Monday, June 29, 2009

On parenting a gifted child

When I was pregnant with AJ, I worked until the day before I went into labor – several days past my due date. I lived a block and a half from my office. I didn’t see the point in sitting around waiting for something to happen. My boss let me stay on, even though I was officially quitting my job when I left (a situation forced by working in a very small office and the coincidence of pregnancies of GreenEyedSiren and myself, who were the two most senior employees at the time). I loved the structure work provided in those days before AJ’s birth when I was at once excited and terrified by the knowledge that the world as I knew it was about to be blown to pieces to be reassembled in an entirely different way.

But with all the work time, what I really relished was any chance to talk about the baby, something that wasn’t part of my everyday life. An ultrasound appointment, lunch with GreenEyedSiren, even an appointment to pee in a cup. Knowing that you weren’t alone, that there were other people who understood what you were going through became really important.

I’m finding the same thing is true of parenting a gifted child. There are so many challenging things, so many occasions when you feel like you’re flying by the seat of your pants, and so few occasions when you can sit down and honestly talk about what you are going through.

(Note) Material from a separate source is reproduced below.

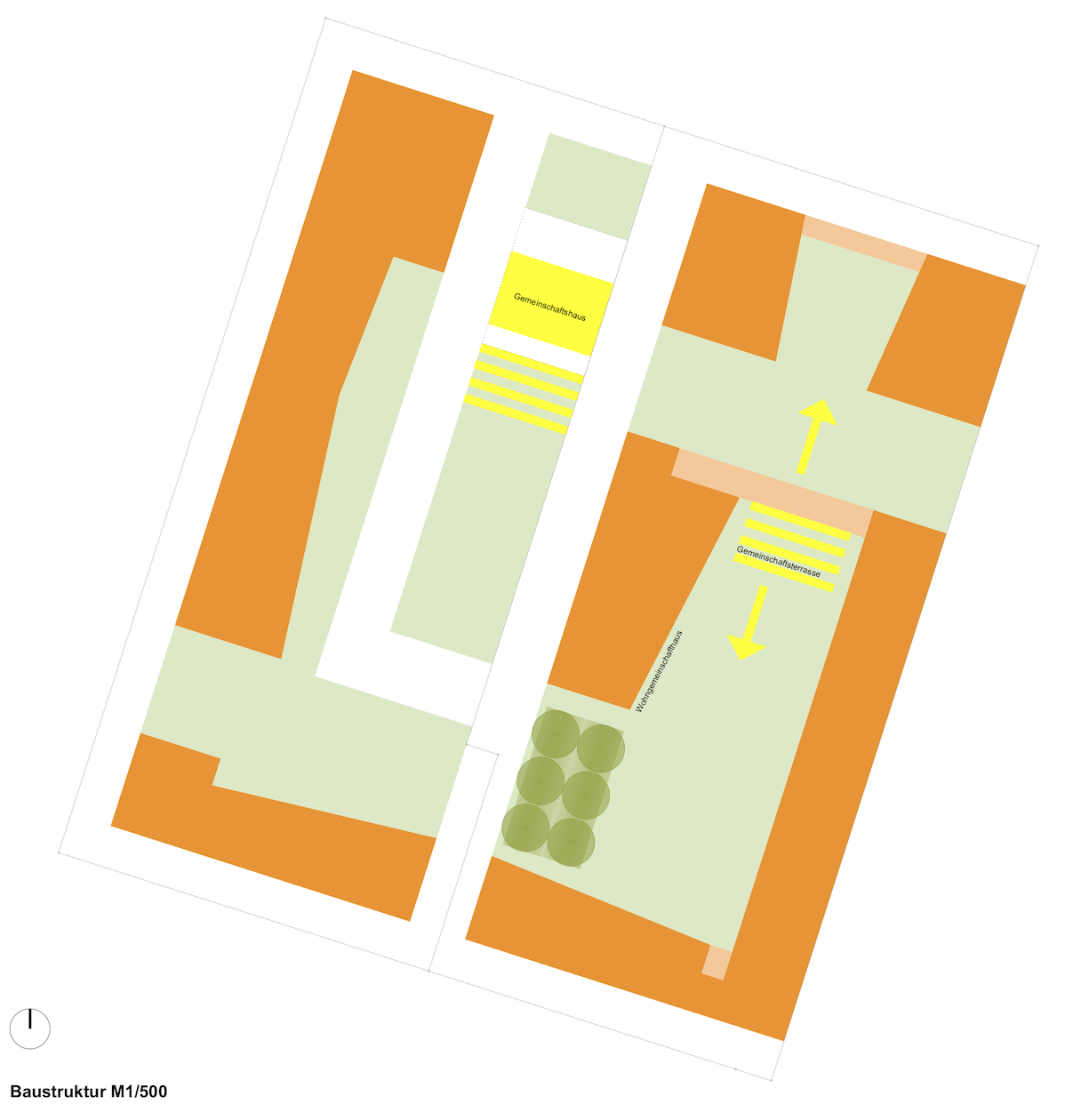 Die Gebäudestruktur mit klarer Definition der äußeren und inneren Raumkanten folgt dem Bebauungsplan und bindet die 3-geschoßigen Gebäuden der benachbarten Genossenschaft räumlich ein. Die zentrale Mitte des Wohnclusters bildet der autofreie Wohn- und Erschließungshof mit gemeinschaftlichen Spiel- und Gartenflächen. Zur Straße im Norden schafft ein Holzpavillon (Starterstruktur eines erweiterbaren Gemeinschaftshauses) eine räumliche Fassung des ‚urbanen Gartens‘ und ist vielfältig nutzbarer Ausgangspunkt der Freiraumaktivitäten. Das entstehende Eingangshöfchen ist als Gemüsegarten gestaltet, begleitet von der seitlichen Fahrradrampe, die direkt in die Fahrradgarage im UG führt.

You don’t want to just start chatting about your problems with other parents in the PTA. They might not understand. They might think you were just bragging about your smart kid. Again. When really, sometimes you just need another opinion. Or an ear. I’m so grateful for GreenEyedSiren’s ear and also for the comments of readers of this site. Half the battle of parenting is acquiring some sense that you are doing the right thing.

We had a long phone meeting with the psychologist who gave AJ his IQ evaluation a few weeks ago, the official follow-up appointment. It was an interesting conversation, but more than anything, it was a relief to converse about it at all, to be able to talk about some of the things I worry about all the time, but can’t usually discuss with anyone.

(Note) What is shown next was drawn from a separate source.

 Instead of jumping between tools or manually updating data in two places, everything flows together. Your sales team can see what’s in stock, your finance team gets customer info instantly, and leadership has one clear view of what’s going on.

The psychologist, who specializes in work with gifted children, started out explaining the components of the test (WISC-IV) and the reason for the Dumont-Willis Index (discrepancy between IQ-important verbal and performance/perceptive reasoning scores and less-related processing speed/working memory scores). Most of this I’d figured out on my own. I know that the WISC-IV weights the processing speed and working memory higher than previous versions of the test and that the weighting was problematic in determination of IQ because it is not correlated with giftedness in the same way the other categories are. We learned that AJ is very strong in both left brain and right brain activities, but especially so in left brain (language center, crystallized knowledge, computation). As she started to describe what this meant, I had my first, “Yes! This is AJ!” moment. It was the first of many.

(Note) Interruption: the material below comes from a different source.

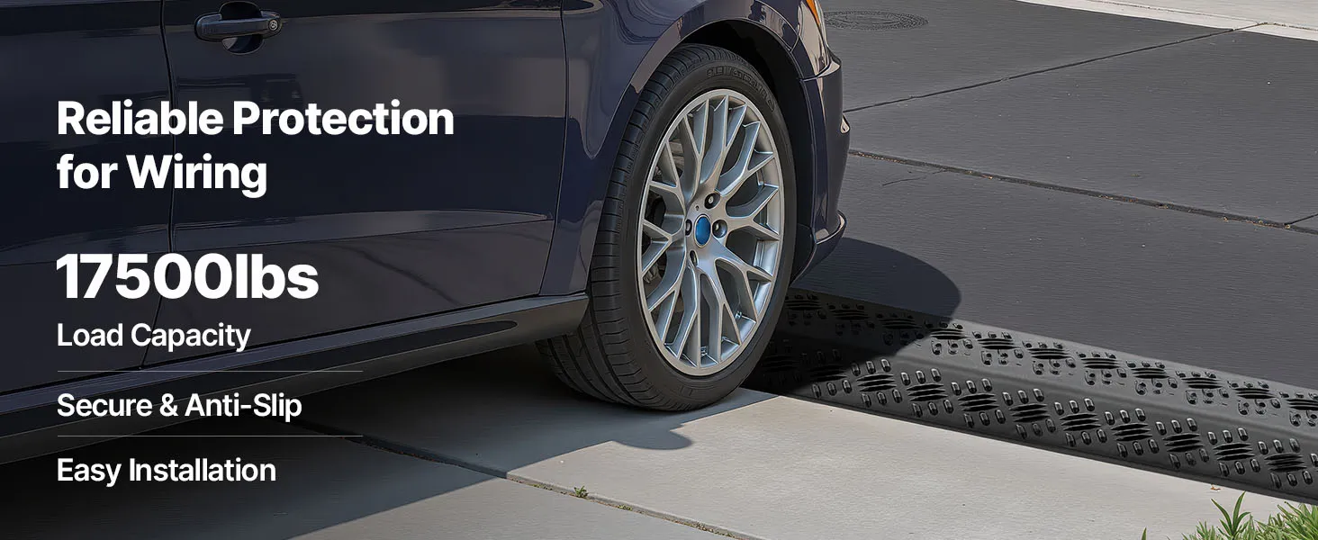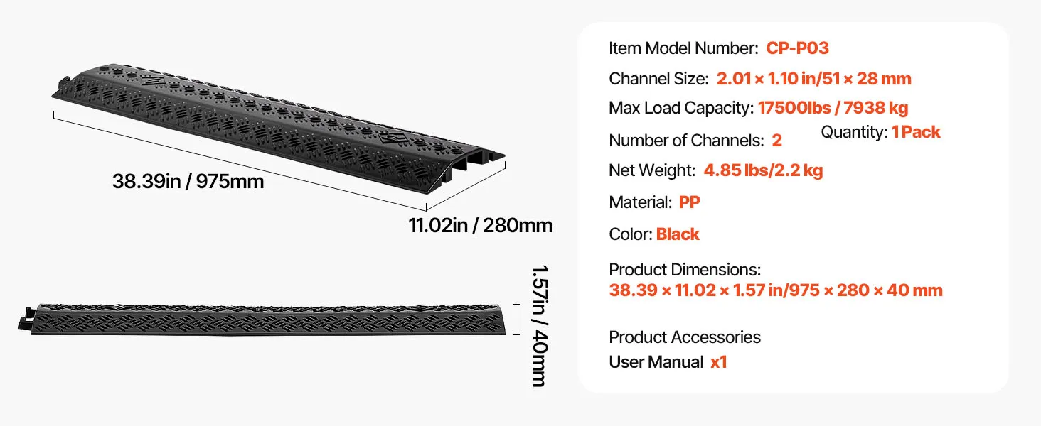 Táto ochranná rampa na káble, vyrobená z ľahkého, ale odolného PP materiálu, sa ľahko prenáša, umiestňuje a inštaluje bez nepríjemných pachov. Udrží až 17 500 lbs/os, pričom obstojí aj pri silnej premávke vozidiel. Dvojkanálová konštrukcia umožňuje viesť dva samostatné káble bez toho, aby sa zamotali.

I don’t have a lot of “This is just like AJ” moments when talking to other parents. As parents of an only child, we wonder a lot about what’s “normal” and what’s not. How do you know when to worry? We have no basis for comparison. My best guide has been my memories of my own childhood as a gifted kid. Mostly that seems to guide me well with AJ, although I worry about revisiting my past on him. He’s his own person. And while there are many similarities, there are many differences. He cares a lot more about what other people think of him than I did, for one. He’s got better social skills in general.

After going over the test results, we asked for some advice – in working with the school, in evaluating the decision to stay in public school vs. sending him to a school for gifted kids, for dealing with some of the behavior issues we’ve encountered in school and also at home.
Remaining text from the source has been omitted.